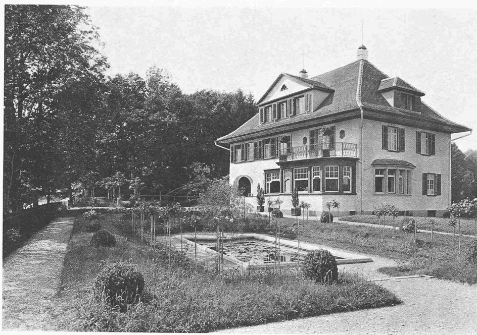
WOHNHAUS DR. FRISCHKNECHT, IM SITTERTOBEL BEI ST. GALLEN

Erbaut durch die Arch. PFLEGHARD & HÄFELI, Zürich und St. Gallen
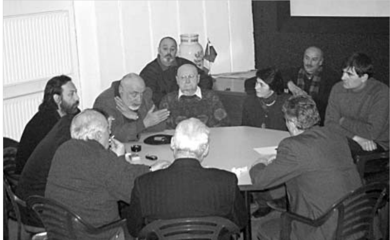
სამოქალაქო დარბაზი პროტესტს უხვადებს აჭარაში რეპრესიების დაწყებას.
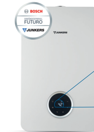
Hydronext 5700 S

Fácil acceso a los componentes de forma que la puesta en marcha, la reparación y el mantenimiento se realizan de la manera más rápida y sencilla posible.
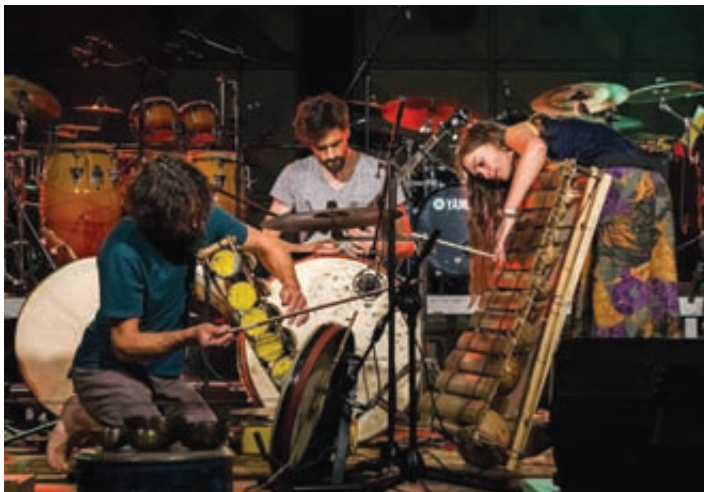
Skupina Širom.
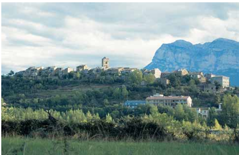
Alfonso I concede en 1127 a la villa de Aínsa los fueros que poseía Jaca

cas y económicas del Sobrarbe, se producen algunas actuaciones, como la concesión por Alfonso I a la villa de Aínsa en 1127 de los fueros que poseía Jaca, a fin de crear un núcleo urbano que estructurara la comarca. En diciembre de 1191, Alfonso II concede carta de población a 14 mineros en un lugar en el término de Bielsa, para explotar las minas de plata allí existentes, y les permite construir un castillo, villa y molinos para sus labores de extracción, regidos según « consuetudinem Barchinone ».
++++++
Repeat, with no pictures, every line from the top of the entries above through the line that has "Hydronext 5700 S", keeping each one exact.

▸ Your response:
WOHNHAUS DR. FRISCHKNECHT, IM SITTERTOBEL BEI ST. GALLEN

Erbaut durch die Arch. PFLEGHARD & HÄFELI, Zürich und St. Gallen
სამოქალაქო დარბაზი პროტესტს უხვადებს აჭარაში რეპრესიების დაწყებას.
Hydronext 5700 S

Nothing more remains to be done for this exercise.